Discovery Tools for Buried Copper Deposits in the Atacama Desert, Chile

This project established new sampling and geochemical methods to identify prospective areas for buried porphyry Cu deposits and oxide copper mineralization within gravel-covered areas. The project improved methods to detect exotic copper mineralization which forms through lateral transport of Cu bearing meteoric water and deposition within gravel sequences near oxidizing porphyry Cu deposits.

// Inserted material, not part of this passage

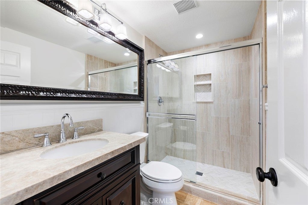 Experience elevated living and exceptional entertaining in this beautifully upgraded home on a quiet single-loaded cul-de-sac in the prestigious guard-gated Canyon Crest Estates of Mission Viejo. Enjoy breathtaking city lights views and front-row views of Mission Viejo’s Independence Day fireworks, all just moments from the clubhouse and resort-style amenities including pools, spa, sauna, tennis, pickleball, fitness center, playgrounds, BBQ and picnic areas, with 24-hour guard-gated security and roving patrol. Designed with quality and comfort in mind, the home showcases a remodeled chef’s kitchen featuring premium Thermador appliances including a double convection oven, five-burner gas cooktop and dishwasher, complemented by under-cabinet LED lighting and Hunter Douglas electric shades. Additional highlights include dual and triple-pane Milgard windows and doors, in-wall JBL surround sound, and zoned HVAC with separate upstairs and downstairs thermostats and three remote controls. All three bathrooms have been stylishly remodeled with updated fixtures and finishes. The spacious primary suite offers remote-controlled Hunter Douglas shades and access to a private deck finished with a durable waterproofing system. The backyard is a true private resort, featuring a PebbleTec saltwater pool and spa with therapeutic jets, Pentair heating system and variable speed pump. The outdoor kitchen is fully equipped with a 32” Bull BBQ with rotisserie, griddle, dual burners, refrigerator, and sink with hot and cold water. Multiple covered entertaining areas include radiant heaters, a fireplace, and a large gathering structure for year-round enjoyment. Additional highlights include a brand new roof, fresh exterior paint, whole-house PEX repipe, drip irrigation, LED landscape lighting, garage storage, attic access, and a game room with refrigerated beverage drawers. Lake Mission Viejo membership enhances the lifestyle with access to boating, paddleboarding, seasonal events, and summer concerts. Ideally located near premier shopping, highly regarded schools, and convenient access to the 5 Freeway and 241 Toll Road, this exceptional residence offers the best of Southern California living.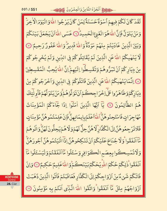 8- Sizinle din hususunda savaşmamış, sizi yurtlarınızdan çıkarmamış olanlara iyilik yapmanızı ve onlara adaletli davranmanızı Allah size yasaklamaz. Çünkü Allah, adaletli davrananları sever.

Three project objectives were achieved:

1. Model the landscape evolution and gravel deposition in key districts and establish a methodology to delineate prospective areas based on geomorphology;
2. Establish geochemical and mineralogical exploration methods for copper deposits in gravel covered areas; and
3. Identify characteristic gravel units most prospective for exotic copper mineralization in a number of study areas in southern Peru and northern Chile.

Publications

Geochemical signature of earthquake-induced surface flooding by mineralized groundwater over the buried Atlántida Deposit, northern Chile
Alexandra Brown, Peter A. Winterburn, Thomas Bissig
Geochemistry: Exploration, Environment, Analysis (2019) geochem2018-65
https://doi.org/10.1144/geochem2018-065

Identification of the expression of earthquake-induced surface flooding by groundwater using detailed regolith mapping at the buried Atlántida Deposit, northern Chile
Alexandra Brown, Peter A. Winterburn, Thomas Bissig
Geochemistry: Exploration, Environment, Analysis (2019) geochem2018-064
https://doi.org/10.1144/geochem2018-064

Thesis

Geochemical sampling strategies for discovering buried copper porphyries, Atacama Desert, Chile

Alexandra E Brown, MSc, 2018

Abstract: Several of the world’s largest porphyry copper deposits are found in the hyper-arid Atacama Desert of Chile, yet discovery of new deposits has become increasingly challenging due to the thick gravel cover. The Atlántida porphyry copper deposit, Atacama Region, Chile, is buried under 25-80m of Neogene-Quaternary gravel and 200m of barren to low-grade bedrock. Geochemical sampling occurred over two phases to develop sampling techniques to detect buried mineralization through the gravels. Over the two phases, physicochemical measurements were recorded at each site, and AGI GoresorberTM hydrocarbon collectors were installed. Sample lines extended into background and over mineralization, staying within consistent background chemistry. Phase I samples were collected with 50m spacing. Soil samples were analyzed by Aqua Regia (Phase I) and deionized water extraction with ICP-MS (Phase I and II). Phase I deionized water extraction results indicated elevated concentrations of Mo, Re, Se, As with increasing salinity. Anomalous responses occur spatially correlated with structures on the surface, and in close proximity to highly saline pockets of material (median 2.2{4f68512a01b6c7d7b16fb2c0178fca0ea196e8717437457c5f4289110417847b} salt) identified through remote sensing used in Phase II regolith mapping. Saline pocket material was formed by seismically induced surface flooding of groundwater along faults extending to surface. Phase II sampled only saline pockets oriented along structural extent at 250m spacing. Samples (n=9) were analyzed for copper isotope composition over buried mineralization by partial digestion. Isotopic results indicate copper concentrations by partial extraction are dominantly a reflection of endogenic material. Both hydrocarbon and soil extraction results show strong structural control on anomaly formation at the surface. Strong correlations of increasing salinity and metals/metalloids (Mo, Re, Se, and Te) concentrations are observed. Elevated responses of these metals normalized to groundwater volume proxy occur directly over the deposit. The slow rate of erosion and deposition in the Atacama Desert preserves surficial anomalies as saline pockets. Targeted geochemical sampling of saline pockets along structures is a new methodology for the discovery of buried copper deposits in the Atacama Desert of Chile.